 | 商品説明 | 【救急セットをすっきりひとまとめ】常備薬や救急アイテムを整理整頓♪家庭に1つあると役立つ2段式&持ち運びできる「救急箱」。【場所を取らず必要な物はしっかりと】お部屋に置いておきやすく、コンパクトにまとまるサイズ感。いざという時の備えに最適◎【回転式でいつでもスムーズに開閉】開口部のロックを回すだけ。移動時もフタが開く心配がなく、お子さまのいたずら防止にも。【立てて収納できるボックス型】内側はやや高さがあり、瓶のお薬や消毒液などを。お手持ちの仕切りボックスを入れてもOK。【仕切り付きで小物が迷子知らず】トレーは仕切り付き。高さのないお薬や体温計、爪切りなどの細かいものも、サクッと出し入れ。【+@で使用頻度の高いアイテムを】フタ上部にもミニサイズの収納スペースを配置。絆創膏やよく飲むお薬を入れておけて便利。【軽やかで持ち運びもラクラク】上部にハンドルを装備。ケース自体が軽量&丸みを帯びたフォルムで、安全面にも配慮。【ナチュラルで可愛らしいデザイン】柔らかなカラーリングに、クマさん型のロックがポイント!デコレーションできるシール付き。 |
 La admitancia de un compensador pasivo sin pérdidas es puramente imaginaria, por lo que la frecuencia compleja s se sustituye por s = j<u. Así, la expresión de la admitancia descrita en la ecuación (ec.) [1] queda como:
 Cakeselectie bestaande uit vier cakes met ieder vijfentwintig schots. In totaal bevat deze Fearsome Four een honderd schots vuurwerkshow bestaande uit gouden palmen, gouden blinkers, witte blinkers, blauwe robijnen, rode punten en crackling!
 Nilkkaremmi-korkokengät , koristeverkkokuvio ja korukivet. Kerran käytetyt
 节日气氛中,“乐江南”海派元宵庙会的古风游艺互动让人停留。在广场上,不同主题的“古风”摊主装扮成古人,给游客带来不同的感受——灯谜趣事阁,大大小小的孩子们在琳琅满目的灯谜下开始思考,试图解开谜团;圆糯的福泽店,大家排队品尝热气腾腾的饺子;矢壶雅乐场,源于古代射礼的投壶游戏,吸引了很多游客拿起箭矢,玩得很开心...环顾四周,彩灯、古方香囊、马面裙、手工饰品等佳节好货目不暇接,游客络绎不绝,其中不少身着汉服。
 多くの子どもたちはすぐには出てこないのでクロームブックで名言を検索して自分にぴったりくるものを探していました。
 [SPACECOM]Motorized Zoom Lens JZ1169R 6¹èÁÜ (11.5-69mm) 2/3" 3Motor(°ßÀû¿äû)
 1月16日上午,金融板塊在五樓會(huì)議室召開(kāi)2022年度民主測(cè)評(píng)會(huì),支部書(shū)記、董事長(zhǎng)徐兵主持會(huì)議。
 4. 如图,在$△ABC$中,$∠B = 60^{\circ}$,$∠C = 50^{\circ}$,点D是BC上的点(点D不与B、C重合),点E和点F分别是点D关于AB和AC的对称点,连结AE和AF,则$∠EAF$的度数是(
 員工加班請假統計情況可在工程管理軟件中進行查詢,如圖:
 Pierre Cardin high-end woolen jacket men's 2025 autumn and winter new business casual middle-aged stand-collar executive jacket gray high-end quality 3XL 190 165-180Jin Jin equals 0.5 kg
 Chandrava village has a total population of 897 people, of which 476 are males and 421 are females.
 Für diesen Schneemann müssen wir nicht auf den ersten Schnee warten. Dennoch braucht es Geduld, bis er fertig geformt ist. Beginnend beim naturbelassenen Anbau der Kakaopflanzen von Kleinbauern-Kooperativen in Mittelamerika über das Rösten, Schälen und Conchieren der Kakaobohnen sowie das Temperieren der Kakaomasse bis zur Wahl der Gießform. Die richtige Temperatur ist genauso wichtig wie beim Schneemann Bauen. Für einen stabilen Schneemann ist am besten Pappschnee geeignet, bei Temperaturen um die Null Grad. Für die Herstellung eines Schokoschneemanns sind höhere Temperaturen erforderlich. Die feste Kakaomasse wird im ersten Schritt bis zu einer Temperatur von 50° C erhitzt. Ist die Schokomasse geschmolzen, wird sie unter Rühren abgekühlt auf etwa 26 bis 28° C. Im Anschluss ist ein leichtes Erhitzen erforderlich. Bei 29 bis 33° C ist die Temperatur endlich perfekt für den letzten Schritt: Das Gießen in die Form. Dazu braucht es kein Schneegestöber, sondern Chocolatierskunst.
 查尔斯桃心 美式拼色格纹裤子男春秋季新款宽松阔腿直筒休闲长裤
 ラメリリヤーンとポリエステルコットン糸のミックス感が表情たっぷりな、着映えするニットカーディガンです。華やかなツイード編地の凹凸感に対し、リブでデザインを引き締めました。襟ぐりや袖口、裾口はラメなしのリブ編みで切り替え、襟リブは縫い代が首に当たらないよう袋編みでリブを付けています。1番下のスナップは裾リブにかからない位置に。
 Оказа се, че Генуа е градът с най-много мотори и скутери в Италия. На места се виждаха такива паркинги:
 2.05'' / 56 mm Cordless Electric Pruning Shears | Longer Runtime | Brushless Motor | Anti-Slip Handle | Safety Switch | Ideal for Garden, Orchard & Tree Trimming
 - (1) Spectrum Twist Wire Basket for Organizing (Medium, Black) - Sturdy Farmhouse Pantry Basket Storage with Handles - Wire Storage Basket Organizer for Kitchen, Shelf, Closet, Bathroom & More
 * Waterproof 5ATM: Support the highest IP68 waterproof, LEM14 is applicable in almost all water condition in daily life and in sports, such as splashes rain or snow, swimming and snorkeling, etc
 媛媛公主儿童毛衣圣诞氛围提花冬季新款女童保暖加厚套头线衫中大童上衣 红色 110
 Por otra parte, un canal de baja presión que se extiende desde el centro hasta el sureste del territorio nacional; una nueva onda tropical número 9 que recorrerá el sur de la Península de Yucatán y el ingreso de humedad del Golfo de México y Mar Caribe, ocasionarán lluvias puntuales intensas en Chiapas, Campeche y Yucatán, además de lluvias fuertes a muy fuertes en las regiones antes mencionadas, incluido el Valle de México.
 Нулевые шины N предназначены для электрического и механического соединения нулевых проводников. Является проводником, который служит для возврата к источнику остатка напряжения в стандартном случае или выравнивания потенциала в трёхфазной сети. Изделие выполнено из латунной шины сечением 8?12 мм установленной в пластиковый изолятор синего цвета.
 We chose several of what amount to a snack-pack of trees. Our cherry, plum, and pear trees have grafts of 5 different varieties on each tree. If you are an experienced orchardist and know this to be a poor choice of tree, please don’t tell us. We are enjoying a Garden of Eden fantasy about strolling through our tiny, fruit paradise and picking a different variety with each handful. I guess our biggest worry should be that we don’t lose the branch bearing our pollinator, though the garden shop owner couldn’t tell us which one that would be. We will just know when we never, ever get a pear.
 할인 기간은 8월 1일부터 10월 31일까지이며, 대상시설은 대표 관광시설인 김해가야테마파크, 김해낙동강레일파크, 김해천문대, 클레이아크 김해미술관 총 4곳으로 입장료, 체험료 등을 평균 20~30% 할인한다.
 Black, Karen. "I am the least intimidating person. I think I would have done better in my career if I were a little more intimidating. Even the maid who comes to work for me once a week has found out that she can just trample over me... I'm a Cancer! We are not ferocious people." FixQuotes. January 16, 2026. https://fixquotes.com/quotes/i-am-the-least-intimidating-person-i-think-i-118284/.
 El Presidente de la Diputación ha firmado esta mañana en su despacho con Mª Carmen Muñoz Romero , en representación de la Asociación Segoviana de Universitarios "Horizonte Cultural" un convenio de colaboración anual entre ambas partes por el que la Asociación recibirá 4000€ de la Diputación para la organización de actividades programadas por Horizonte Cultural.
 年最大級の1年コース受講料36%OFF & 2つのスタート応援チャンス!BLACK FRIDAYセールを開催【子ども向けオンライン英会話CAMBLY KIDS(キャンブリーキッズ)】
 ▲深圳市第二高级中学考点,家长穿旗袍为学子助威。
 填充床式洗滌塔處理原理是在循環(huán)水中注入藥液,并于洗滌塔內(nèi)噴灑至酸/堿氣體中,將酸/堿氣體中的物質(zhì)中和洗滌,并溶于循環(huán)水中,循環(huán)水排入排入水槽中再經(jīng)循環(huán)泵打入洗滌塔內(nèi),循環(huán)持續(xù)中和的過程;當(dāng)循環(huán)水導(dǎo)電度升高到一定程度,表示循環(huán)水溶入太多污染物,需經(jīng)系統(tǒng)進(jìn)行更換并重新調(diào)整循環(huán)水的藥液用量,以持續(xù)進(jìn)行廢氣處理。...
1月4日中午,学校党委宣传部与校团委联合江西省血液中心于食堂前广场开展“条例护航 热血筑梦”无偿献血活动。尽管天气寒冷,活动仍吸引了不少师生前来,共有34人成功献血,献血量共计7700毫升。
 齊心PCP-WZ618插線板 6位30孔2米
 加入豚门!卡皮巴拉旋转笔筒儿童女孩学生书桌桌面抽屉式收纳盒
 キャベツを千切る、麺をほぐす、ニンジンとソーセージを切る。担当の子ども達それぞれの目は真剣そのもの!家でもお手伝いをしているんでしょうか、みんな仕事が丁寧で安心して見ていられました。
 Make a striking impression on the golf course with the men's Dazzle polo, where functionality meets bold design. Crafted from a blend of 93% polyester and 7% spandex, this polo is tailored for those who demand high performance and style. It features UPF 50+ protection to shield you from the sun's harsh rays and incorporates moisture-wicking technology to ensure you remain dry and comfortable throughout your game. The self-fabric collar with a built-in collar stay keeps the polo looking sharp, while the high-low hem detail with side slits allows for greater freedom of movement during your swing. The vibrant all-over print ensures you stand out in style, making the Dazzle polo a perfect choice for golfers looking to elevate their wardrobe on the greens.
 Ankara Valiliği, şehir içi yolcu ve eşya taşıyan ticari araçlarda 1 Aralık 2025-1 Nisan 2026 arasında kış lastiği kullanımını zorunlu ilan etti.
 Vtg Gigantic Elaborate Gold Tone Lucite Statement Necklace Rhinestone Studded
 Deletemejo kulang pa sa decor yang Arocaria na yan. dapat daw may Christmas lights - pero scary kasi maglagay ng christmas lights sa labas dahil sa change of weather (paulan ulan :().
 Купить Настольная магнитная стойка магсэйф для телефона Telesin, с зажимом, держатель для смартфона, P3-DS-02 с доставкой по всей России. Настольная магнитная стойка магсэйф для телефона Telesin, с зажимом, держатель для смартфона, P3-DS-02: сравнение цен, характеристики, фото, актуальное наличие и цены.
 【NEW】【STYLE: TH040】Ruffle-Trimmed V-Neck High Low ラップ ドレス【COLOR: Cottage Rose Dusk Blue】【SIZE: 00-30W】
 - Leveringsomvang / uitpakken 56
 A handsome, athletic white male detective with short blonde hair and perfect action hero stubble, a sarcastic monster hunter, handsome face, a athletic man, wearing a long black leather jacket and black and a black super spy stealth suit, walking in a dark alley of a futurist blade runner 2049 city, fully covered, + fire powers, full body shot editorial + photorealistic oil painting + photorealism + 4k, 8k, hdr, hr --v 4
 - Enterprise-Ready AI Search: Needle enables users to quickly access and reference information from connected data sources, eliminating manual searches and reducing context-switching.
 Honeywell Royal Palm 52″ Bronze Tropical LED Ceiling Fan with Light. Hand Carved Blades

------------------------------------

### Task instructions
Write out, exactly as they appear, the lines from the one containing "Ankara Valiliği, şehir" through the last line of the records above, both included, and nothing more.

### Solution to this problem
 Ankara Valiliği, şehir içi yolcu ve eşya taşıyan ticari araçlarda 1 Aralık 2025-1 Nisan 2026 arasında kış lastiği kullanımını zorunlu ilan etti.
 Vtg Gigantic Elaborate Gold Tone Lucite Statement Necklace Rhinestone Studded
 Deletemejo kulang pa sa decor yang Arocaria na yan. dapat daw may Christmas lights - pero scary kasi maglagay ng christmas lights sa labas dahil sa change of weather (paulan ulan :().
 Купить Настольная магнитная стойка магсэйф для телефона Telesin, с зажимом, держатель для смартфона, P3-DS-02 с доставкой по всей России. Настольная магнитная стойка магсэйф для телефона Telesin, с зажимом, держатель для смартфона, P3-DS-02: сравнение цен, характеристики, фото, актуальное наличие и цены.
 【NEW】【STYLE: TH040】Ruffle-Trimmed V-Neck High Low ラップ ドレス【COLOR: Cottage Rose Dusk Blue】【SIZE: 00-30W】
 - Leveringsomvang / uitpakken 56
 A handsome, athletic white male detective with short blonde hair and perfect action hero stubble, a sarcastic monster hunter, handsome face, a athletic man, wearing a long black leather jacket and black and a black super spy stealth suit, walking in a dark alley of a futurist blade runner 2049 city, fully covered, + fire powers, full body shot editorial + photorealistic oil painting + photorealism + 4k, 8k, hdr, hr --v 4
 - Enterprise-Ready AI Search: Needle enables users to quickly access and reference information from connected data sources, eliminating manual searches and reducing context-switching.
 Honeywell Royal Palm 52″ Bronze Tropical LED Ceiling Fan with Light. Hand Carved Blades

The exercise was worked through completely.